» **RECORDS FOR THE TASK**:
----
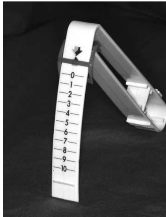
Figure 1. Disposable gnathometer.

Participants were 15 volunteer complete-denture-wearing patients in both the mandible and maxilla (7 female and 8 male) who were treated for new
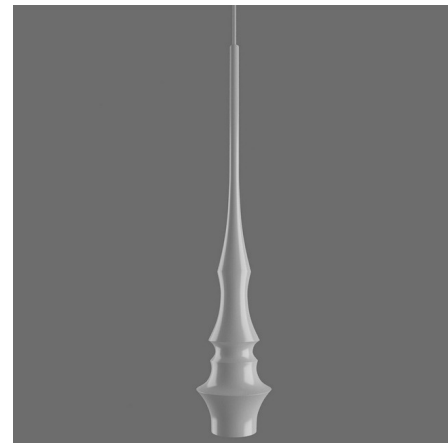
Shown in matte white

The Slend 02 Pendant shows off an elegant sculptural silhouette constructed out of aluminum and iron. It is versatile enough to work in many spaces, whether hung as a single light in a small powder room or arranged as a series of varying hanging heights for a dramatic, modern effect in a seating area or over a bar.
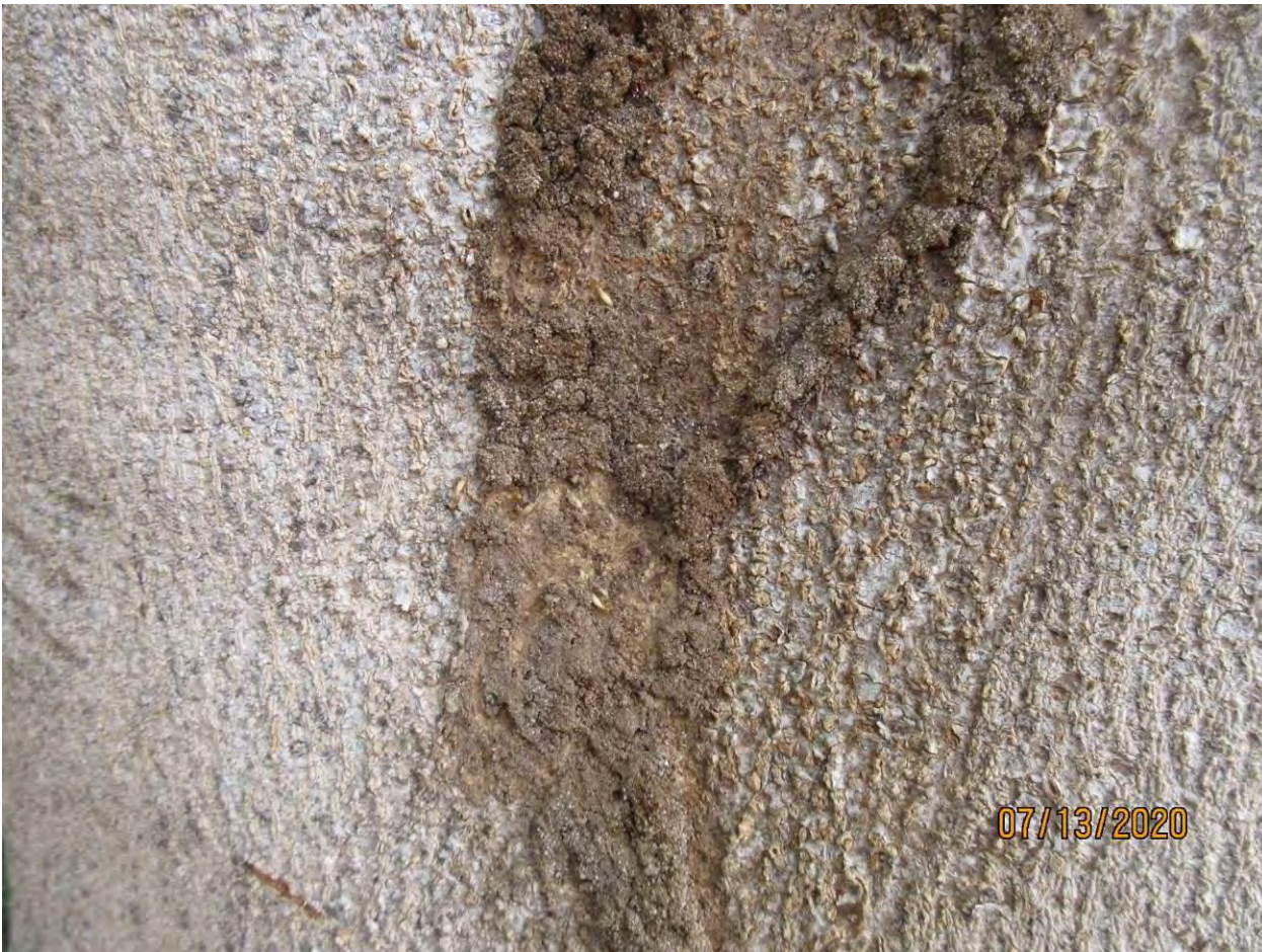
Close up photo of mud trails and live termites, view 1.
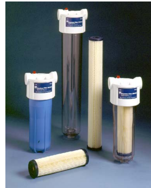
Sediment Filters Request Bulletin KF-2S
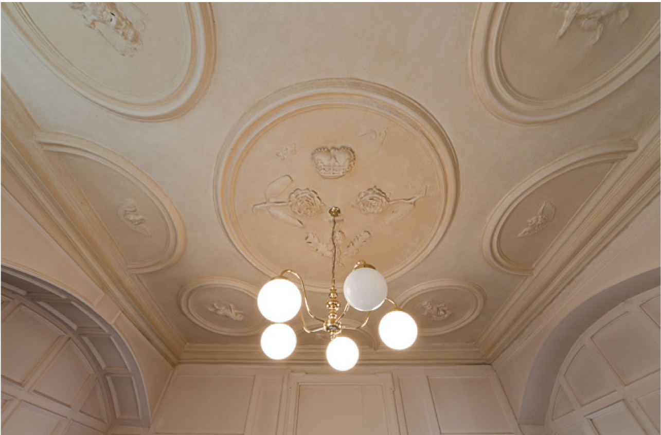
Illus 6 Plaster rose in Room S03.

Roderick Mackenzie owned the tenement and were subsequently demolished during the construction of Victoria Street. A contemporary view of the buildings was produced by Slezer in 1693 (Illus 7).
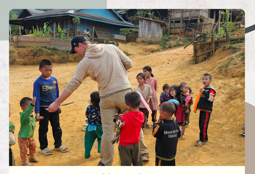
Jackson entertaining the children to help make enroads to share the Gospel in a remote village.
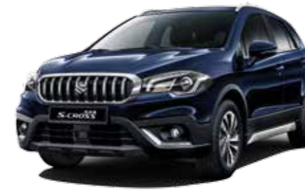
Sphere Blue Pearl Metallic
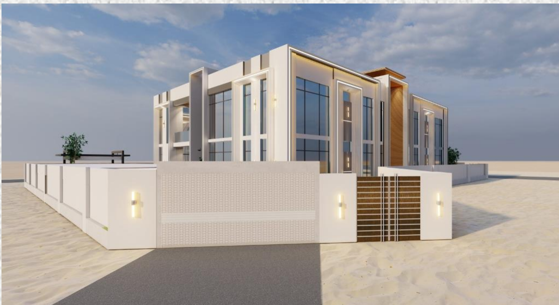
Construction of G+1+R Villa (13,000 Sq.Ft.) for HALGROAD Ltd.@ Saih Shuaib 1, Dubai
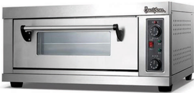
Single Deck Single Tray Oven
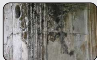
Brosser les impuretés de la pierre Brush impurities from the stone
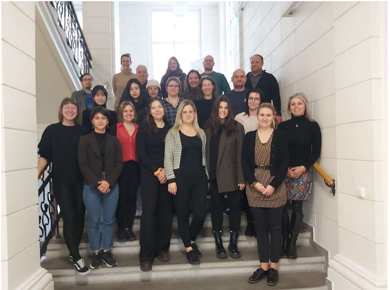
The ICPM team
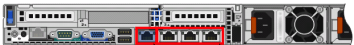
Management Port 1GbE Capture Ports
----
» **ABOUT THIS EXERCISE**:
Your task is to quote exactly the lines from the one with "Roderick Mackenzie owned" through the end of the material, both included, without reproducing any pictures.

» **ANSWER TO THIS PROBLEM**:
Roderick Mackenzie owned the tenement and were subsequently demolished during the construction of Victoria Street. A contemporary view of the buildings was produced by Slezer in 1693 (Illus 7).
Jackson entertaining the children to help make enroads to share the Gospel in a remote village.
Sphere Blue Pearl Metallic
Construction of G+1+R Villa (13,000 Sq.Ft.) for HALGROAD Ltd.@ Saih Shuaib 1, Dubai
Single Deck Single Tray Oven
Brosser les impuretés de la pierre Brush impurities from the stone
The ICPM team
Management Port 1GbE Capture Ports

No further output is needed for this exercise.